TASK DATA:
________________________

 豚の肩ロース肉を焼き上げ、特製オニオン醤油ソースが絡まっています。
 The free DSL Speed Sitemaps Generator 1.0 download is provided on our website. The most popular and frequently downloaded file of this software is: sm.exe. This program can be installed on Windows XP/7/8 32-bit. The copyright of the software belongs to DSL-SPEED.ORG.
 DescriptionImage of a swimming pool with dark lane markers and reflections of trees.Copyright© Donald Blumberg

________________________

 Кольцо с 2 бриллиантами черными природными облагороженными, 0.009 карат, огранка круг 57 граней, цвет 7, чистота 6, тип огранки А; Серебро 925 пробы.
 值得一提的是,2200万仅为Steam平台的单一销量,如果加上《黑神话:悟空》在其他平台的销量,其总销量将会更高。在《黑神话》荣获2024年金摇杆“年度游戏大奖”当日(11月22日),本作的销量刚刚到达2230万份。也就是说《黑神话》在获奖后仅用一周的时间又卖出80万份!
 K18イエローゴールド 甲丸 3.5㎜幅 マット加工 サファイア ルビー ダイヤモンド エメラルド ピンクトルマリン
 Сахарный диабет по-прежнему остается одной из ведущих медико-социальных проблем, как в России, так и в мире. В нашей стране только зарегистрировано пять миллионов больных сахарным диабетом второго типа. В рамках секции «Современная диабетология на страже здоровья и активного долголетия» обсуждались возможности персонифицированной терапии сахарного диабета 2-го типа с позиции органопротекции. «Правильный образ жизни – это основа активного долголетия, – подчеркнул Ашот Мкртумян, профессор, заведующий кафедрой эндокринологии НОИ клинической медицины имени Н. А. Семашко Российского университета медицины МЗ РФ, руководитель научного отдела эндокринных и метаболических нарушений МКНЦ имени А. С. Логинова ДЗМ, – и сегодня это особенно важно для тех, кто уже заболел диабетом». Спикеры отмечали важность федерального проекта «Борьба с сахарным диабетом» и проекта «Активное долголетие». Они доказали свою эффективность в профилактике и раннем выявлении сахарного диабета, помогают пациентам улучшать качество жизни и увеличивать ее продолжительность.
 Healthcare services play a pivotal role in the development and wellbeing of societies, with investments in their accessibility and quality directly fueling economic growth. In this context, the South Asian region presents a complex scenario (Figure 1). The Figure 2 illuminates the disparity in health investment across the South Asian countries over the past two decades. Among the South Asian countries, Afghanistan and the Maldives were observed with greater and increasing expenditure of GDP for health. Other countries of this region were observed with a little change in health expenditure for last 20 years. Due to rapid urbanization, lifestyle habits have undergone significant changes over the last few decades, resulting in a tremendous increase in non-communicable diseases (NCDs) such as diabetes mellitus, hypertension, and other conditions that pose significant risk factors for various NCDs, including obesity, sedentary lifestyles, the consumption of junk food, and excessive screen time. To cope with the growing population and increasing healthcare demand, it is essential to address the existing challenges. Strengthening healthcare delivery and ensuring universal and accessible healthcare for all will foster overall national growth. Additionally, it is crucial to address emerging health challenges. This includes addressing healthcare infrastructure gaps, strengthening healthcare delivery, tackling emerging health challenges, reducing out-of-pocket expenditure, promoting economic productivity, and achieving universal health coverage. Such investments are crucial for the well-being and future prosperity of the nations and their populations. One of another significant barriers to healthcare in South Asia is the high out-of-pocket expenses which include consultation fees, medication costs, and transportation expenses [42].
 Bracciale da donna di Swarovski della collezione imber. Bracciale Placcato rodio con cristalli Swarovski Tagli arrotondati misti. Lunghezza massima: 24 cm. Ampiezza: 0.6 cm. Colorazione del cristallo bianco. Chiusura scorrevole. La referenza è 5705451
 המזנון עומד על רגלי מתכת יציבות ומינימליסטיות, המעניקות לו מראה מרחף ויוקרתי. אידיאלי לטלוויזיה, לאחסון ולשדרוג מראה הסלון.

________________________

PROBLEM STATEMENT: Retype exactly the lines above, from the one with "The free DSL" through the one with "DescriptionImage of a", inclusive.

EXERCISE ANSWER:
 The free DSL Speed Sitemaps Generator 1.0 download is provided on our website. The most popular and frequently downloaded file of this software is: sm.exe. This program can be installed on Windows XP/7/8 32-bit. The copyright of the software belongs to DSL-SPEED.ORG.
 DescriptionImage of a swimming pool with dark lane markers and reflections of trees.Copyright© Donald Blumberg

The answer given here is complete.